Exercise requirements ▸ Repeat each entry as written and leave the images out of the copy.

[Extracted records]

* * * * * * * * *

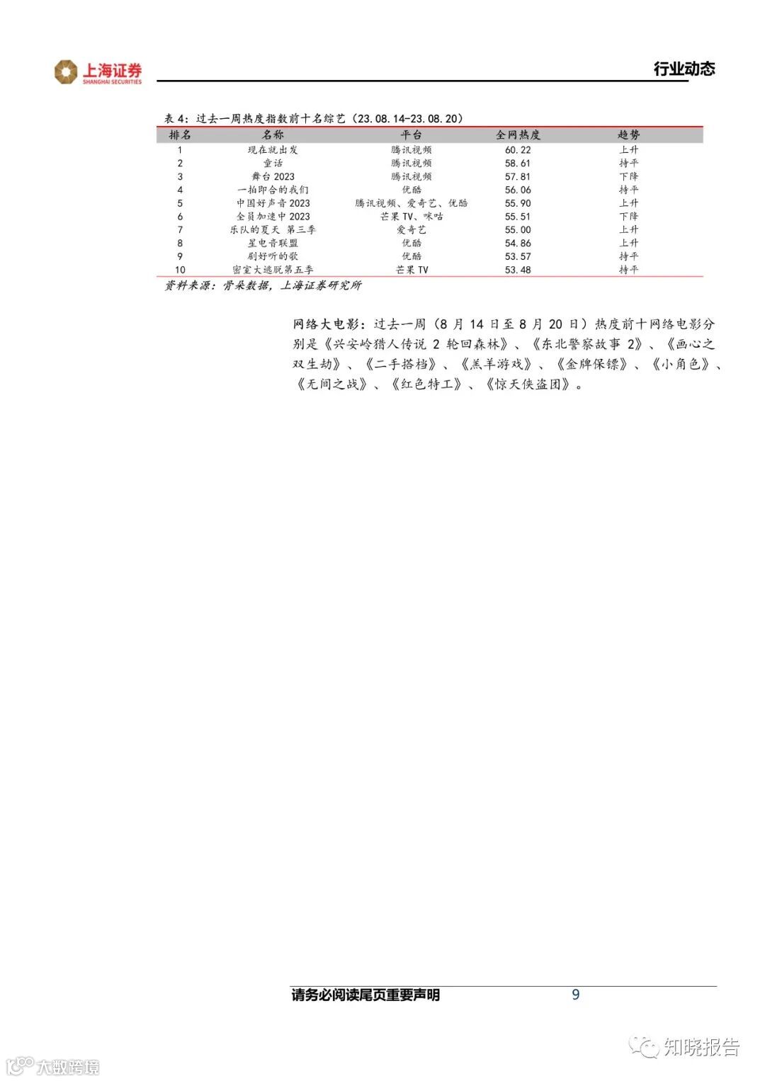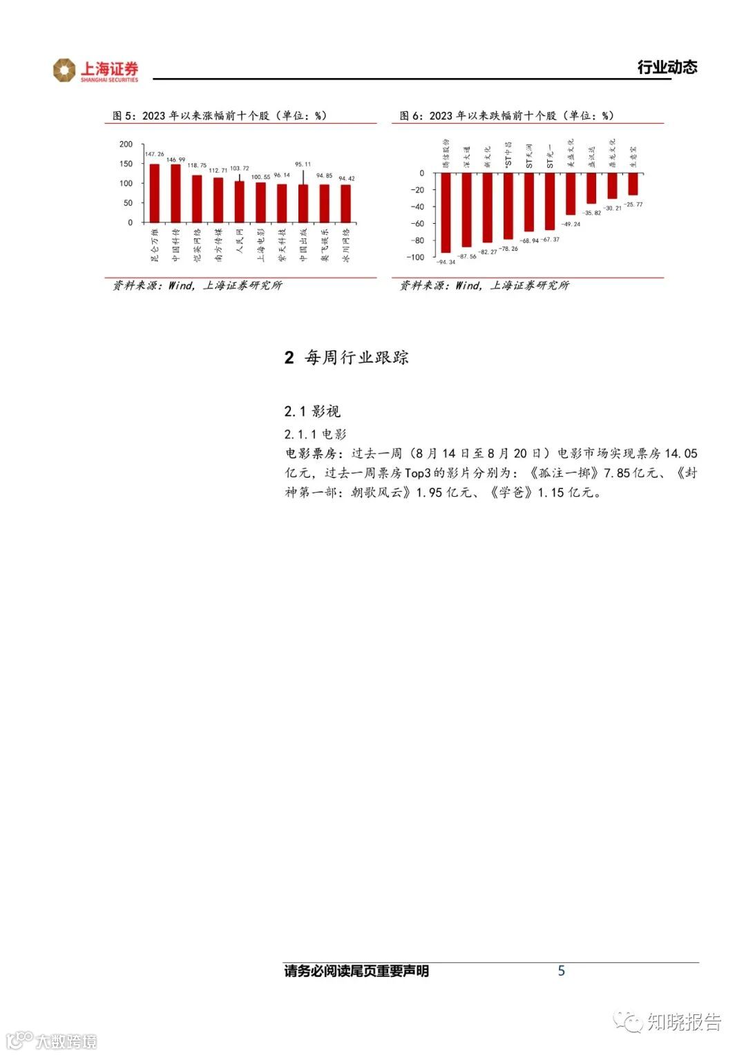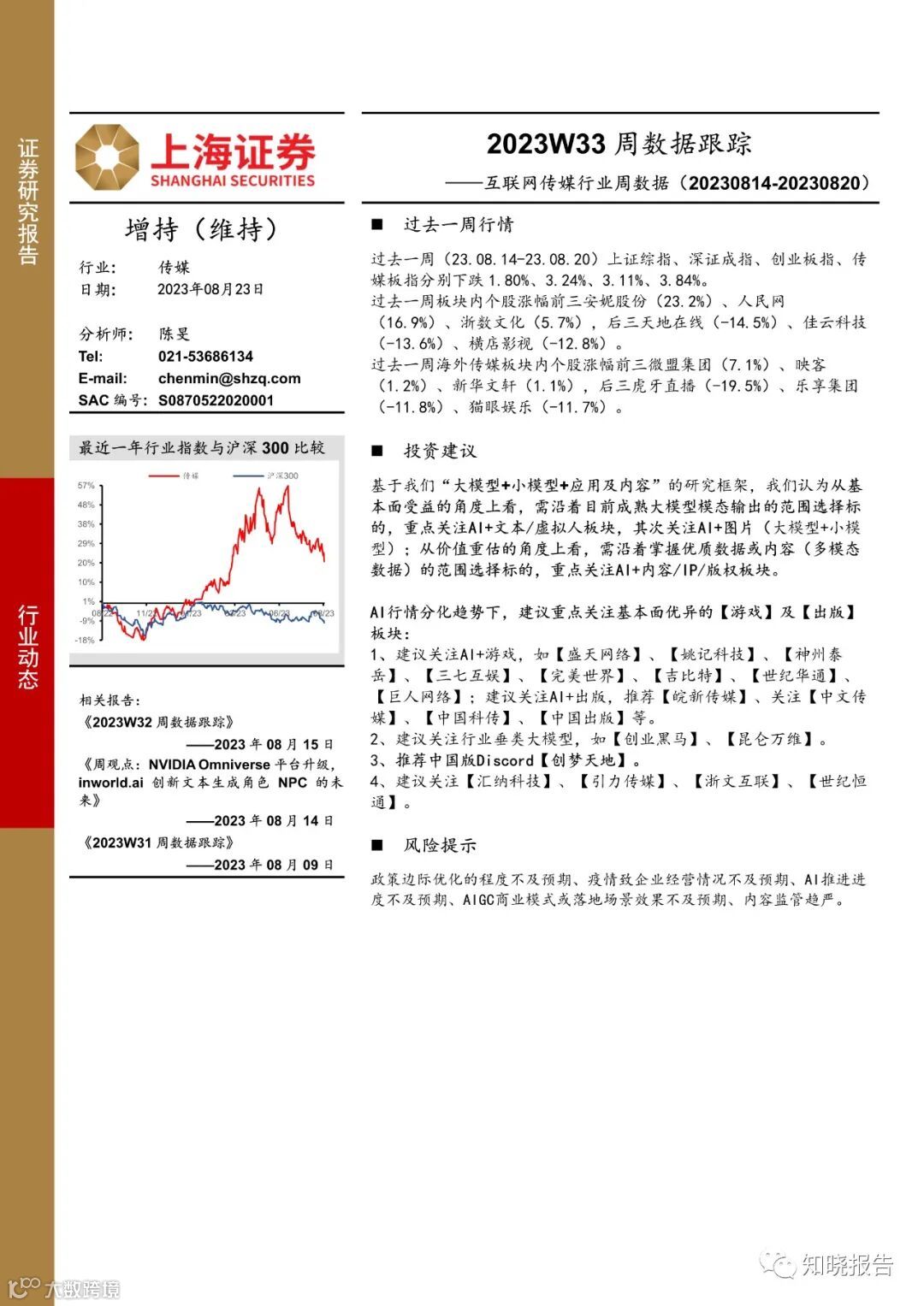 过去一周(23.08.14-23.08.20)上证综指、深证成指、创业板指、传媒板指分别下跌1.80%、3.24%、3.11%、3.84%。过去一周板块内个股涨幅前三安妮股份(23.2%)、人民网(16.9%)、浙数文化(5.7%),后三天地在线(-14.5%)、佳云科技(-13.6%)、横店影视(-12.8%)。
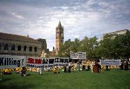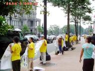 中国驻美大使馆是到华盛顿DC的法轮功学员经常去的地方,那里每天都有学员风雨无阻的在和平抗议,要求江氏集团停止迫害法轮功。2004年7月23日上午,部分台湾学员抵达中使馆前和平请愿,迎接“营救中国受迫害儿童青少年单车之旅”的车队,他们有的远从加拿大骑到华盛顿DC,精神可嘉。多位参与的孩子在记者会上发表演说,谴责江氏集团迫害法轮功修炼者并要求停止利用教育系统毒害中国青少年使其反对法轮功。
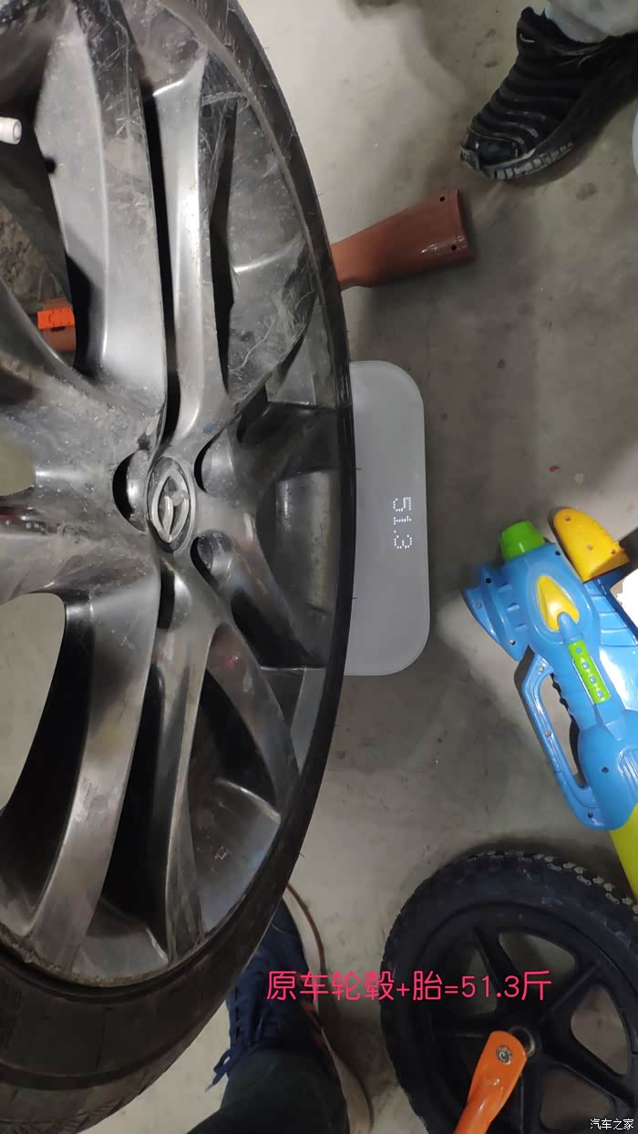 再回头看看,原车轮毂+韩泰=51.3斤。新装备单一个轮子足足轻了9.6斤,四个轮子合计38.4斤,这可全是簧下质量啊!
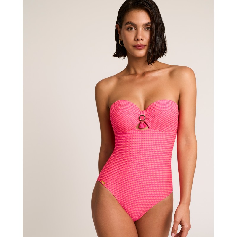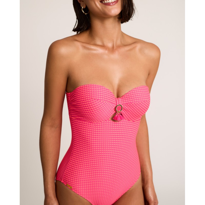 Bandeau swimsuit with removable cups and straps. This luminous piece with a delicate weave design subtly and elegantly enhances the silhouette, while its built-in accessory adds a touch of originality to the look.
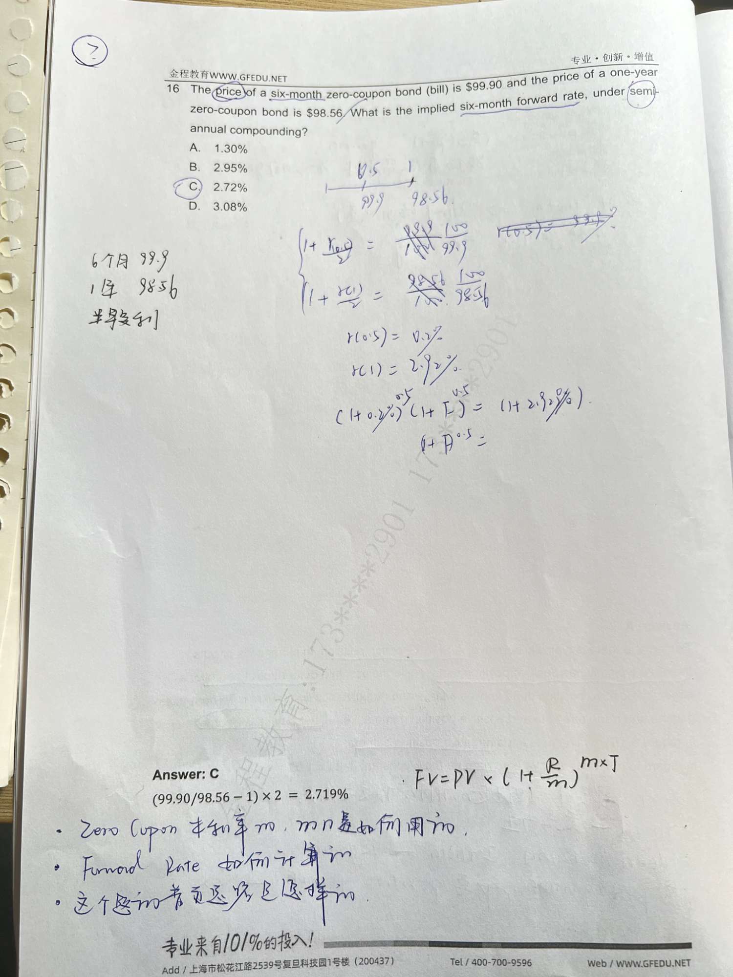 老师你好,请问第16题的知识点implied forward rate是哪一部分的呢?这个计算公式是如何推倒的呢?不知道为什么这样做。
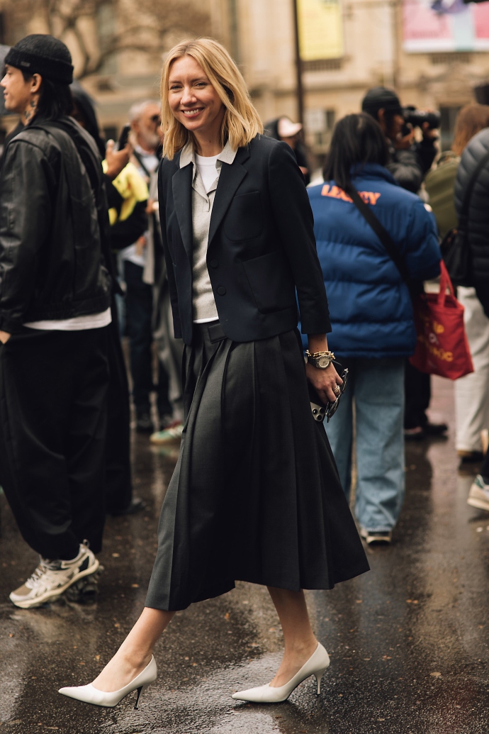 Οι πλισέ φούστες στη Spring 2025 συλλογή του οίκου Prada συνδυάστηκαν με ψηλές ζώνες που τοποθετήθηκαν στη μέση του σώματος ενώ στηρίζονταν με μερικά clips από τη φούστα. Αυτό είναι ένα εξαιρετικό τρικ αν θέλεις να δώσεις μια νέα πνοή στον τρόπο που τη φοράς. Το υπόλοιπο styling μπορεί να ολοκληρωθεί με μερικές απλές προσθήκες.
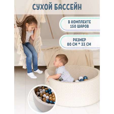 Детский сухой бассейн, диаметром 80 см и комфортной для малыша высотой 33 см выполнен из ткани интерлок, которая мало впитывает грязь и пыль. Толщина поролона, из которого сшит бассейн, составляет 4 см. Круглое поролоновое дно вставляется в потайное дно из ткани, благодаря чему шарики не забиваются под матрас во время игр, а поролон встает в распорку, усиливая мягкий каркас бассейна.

* * * * * * * * *

Expected answer ▸
 过去一周(23.08.14-23.08.20)上证综指、深证成指、创业板指、传媒板指分别下跌1.80%、3.24%、3.11%、3.84%。过去一周板块内个股涨幅前三安妮股份(23.2%)、人民网(16.9%)、浙数文化(5.7%),后三天地在线(-14.5%)、佳云科技(-13.6%)、横店影视(-12.8%)。
 中国驻美大使馆是到华盛顿DC的法轮功学员经常去的地方,那里每天都有学员风雨无阻的在和平抗议,要求江氏集团停止迫害法轮功。2004年7月23日上午,部分台湾学员抵达中使馆前和平请愿,迎接“营救中国受迫害儿童青少年单车之旅”的车队,他们有的远从加拿大骑到华盛顿DC,精神可嘉。多位参与的孩子在记者会上发表演说,谴责江氏集团迫害法轮功修炼者并要求停止利用教育系统毒害中国青少年使其反对法轮功。
 再回头看看,原车轮毂+韩泰=51.3斤。新装备单一个轮子足足轻了9.6斤,四个轮子合计38.4斤,这可全是簧下质量啊!
 Bandeau swimsuit with removable cups and straps. This luminous piece with a delicate weave design subtly and elegantly enhances the silhouette, while its built-in accessory adds a touch of originality to the look.
 老师你好,请问第16题的知识点implied forward rate是哪一部分的呢?这个计算公式是如何推倒的呢?不知道为什么这样做。
 Οι πλισέ φούστες στη Spring 2025 συλλογή του οίκου Prada συνδυάστηκαν με ψηλές ζώνες που τοποθετήθηκαν στη μέση του σώματος ενώ στηρίζονταν με μερικά clips από τη φούστα. Αυτό είναι ένα εξαιρετικό τρικ αν θέλεις να δώσεις μια νέα πνοή στον τρόπο που τη φοράς. Το υπόλοιπο styling μπορεί να ολοκληρωθεί με μερικές απλές προσθήκες.
 Детский сухой бассейн, диаметром 80 см и комфортной для малыша высотой 33 см выполнен из ткани интерлок, которая мало впитывает грязь и пыль. Толщина поролона, из которого сшит бассейн, составляет 4 см. Круглое поролоновое дно вставляется в потайное дно из ткани, благодаря чему шарики не забиваются под матрас во время игр, а поролон встает в распорку, усиливая мягкий каркас бассейна.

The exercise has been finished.